Lately I’ve been searching for a word, but I don’t know how to look it up. It’s a word that belongs to a moment, one I’ve lived over and over again in the past few months. In what follows: I aim to define it, you aim to recognize it, and we aim to name it.
The word by way of example:
There comes a moment in which I find myself sitting relatively comfortably on a swivel chair or a stool or a bike seat or not sitting at all, maybe, and all of a sudden, I feel a bomb strike. Except maybe it’s not a bomb. Maybe it’s a rubber bullet. White phosphorus perhaps. And I don’t feel it, exactly. It’s more like I’m in the afterglow. Shock, horror, tears, despair. Numbness and infinite feeling, identical somehow. (Nafs-a-shi. The same thing.) But my chair is comfortable. And for that, I am supposed to be grateful.
The word as defect:
At least, according to the laws of men and honor and other customs I ought to be grateful. For the food in my fridge. For the seatbelt in my car. For the bombs in airplane carriers leaving my country, not headed towards it. But I am not grateful. I am, as a matter of fact, rather ungrateful.
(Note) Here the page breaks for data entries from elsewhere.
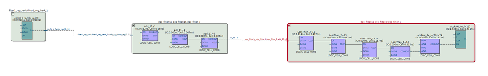 I can see the long path, but I do not understand why it is implemented like this. Why is the register-value routed through dec_filter:15 to dec_filter:9, and not getting the value directly from the register-bank-module to the left?
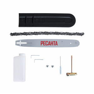 Комплектация: Бензопила — 1 шт.; Шина — 1 шт.; Цепь — 1 шт.; Защитный кожух шины — 1 шт.; Емкость для смешивания топливной смеси — 1 шт.; Паспорт продукции — 1 шт.; Комплект инструментов и принадлежностей — 1 шт.
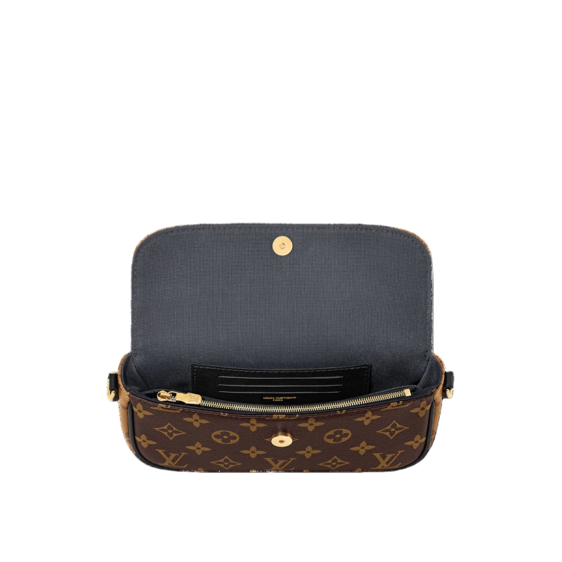 This edition of the Wallet On Chain Ivy showcases the House’s signature Monogram Reverse canvas, offering a directional take for the season. The elegant style is defined by a removable gold-toned chain that matches the iconic LV Initials. The organized interior reveals a flat pocket with three card slots, ideal for securing everyday essentials.
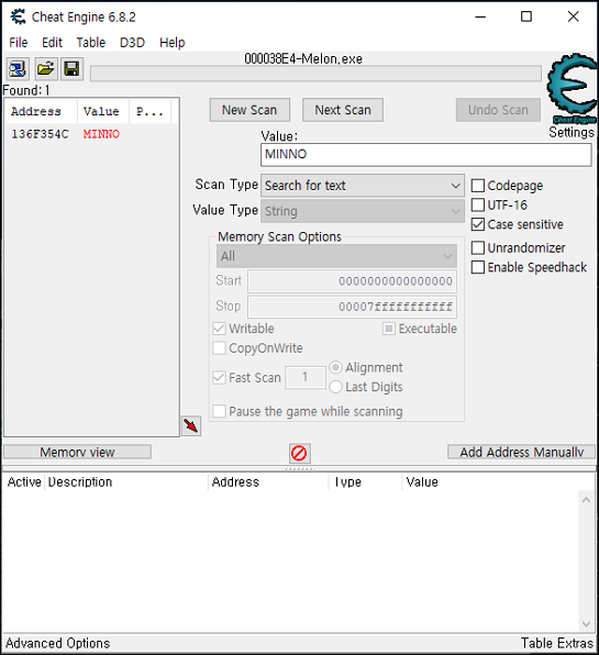 그리고 나는 멜론플레이어 프로그램에 저장된 어떠한 값을 찾는 것이므로 MINNO를 검색했다.
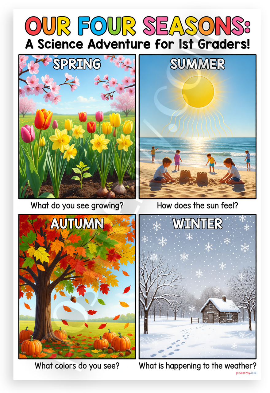 - Premium Print: This PosterEnvy 12x18 inch poster is printed on Durable, Heavy Duty Paper, Designed to last many years featuring four seasons science adventure for 1st graders with blooming flowers leaves pumpkins snow
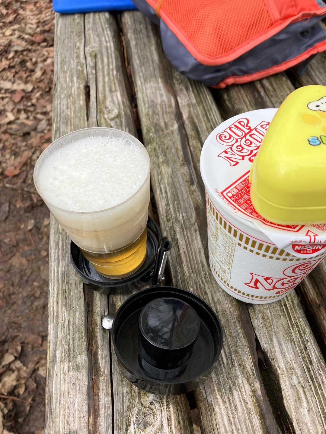 てんくら0°で風速13だったので、流石にビール🍺は要らないだろうと思ったのですが、きりんさん、キャッシーさんからお裾分け^_^ りょうびの丘にて昼食
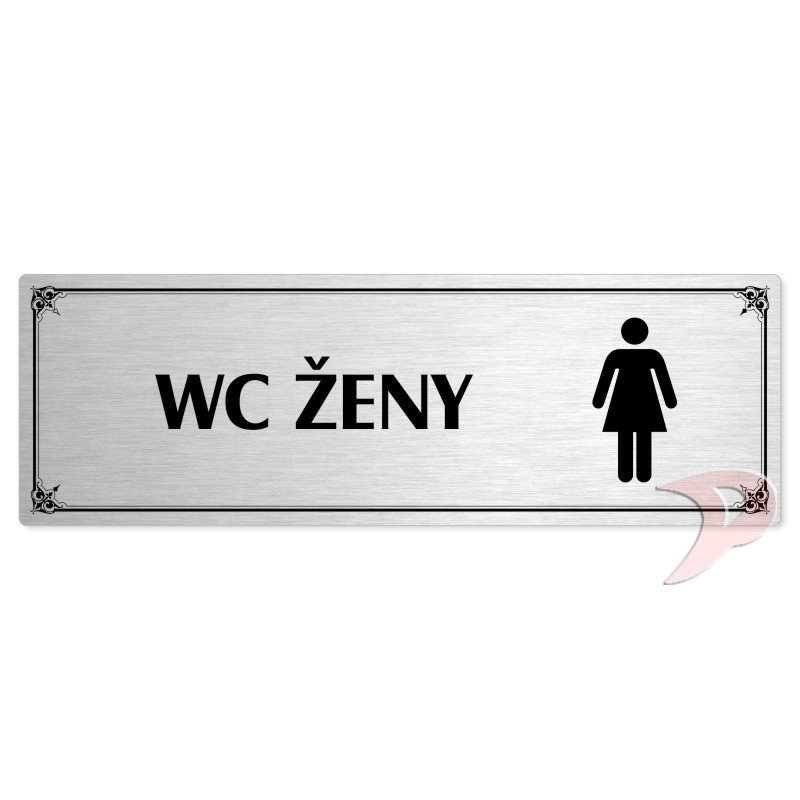 WC ženy, 240x79mm, stříbrná popiska s okrasným rámečkem

If these laws of men were mined from some ultimate, empirical Truth, then the word I’m looking for would refer to an internal defect, a roadblock on the way to gratitude. The locus of the moment I experience would be interior, something botched within my mental landscape. A hyperactive imagination. Paranoia. Some incongruent reality of my own design.
Reporting to the expert, I ask my therapist for help defining the word. She pulls out her dictionary of types and traumas and suggests that this might be a reenactment. But I’ve never been hit by a chemical weapon and if my immediate family members had died in a hospital, the cause of death surely wasn’t a bombing. At least not to my memory.
She tries again, this time digging deep into schizofrenetic readings, hurling hallucinations and plotting the borderlines of personality. But I insist the moment doesn’t come at random from somewhere on high. There’s a pattern. A real one – not a paranoid one. The moment arrives with a real bomb or bullet or battle in Palace Stein. It’s a fairytale, sure, but one I inherited from my mother’s vacuum-sealed memory, along with a few recipes and some unenthusiastic appeals to Allah.
Having traced a geographic source, what’s more a material threat, I can perhaps be relieved for my own sanity, but I cannot be grateful. Must not be grateful for the destruction of a real people, the fading of a real pulse. I must be outraged. The laws of men, therefore, cannot be True, but deeply and profoundly unjust. So the word I am looking to refers not to a defect in myself, or, at least, not in myself alone.
The word as conviction:
Suppose there’s a higher law, then, a spiritual one which finds me and you and us guilty. Me – guilty of abandoning my ground decades before I was refused the right to return. You – guilty of letting me call this place shelter. You and me, guilty of believing in the limitations of geography and the finitude of our own will. Both of us, guilty of secretly wanting to be suddenly and harshly abused by one another whenever we wave politely, obliviously in the grocery store.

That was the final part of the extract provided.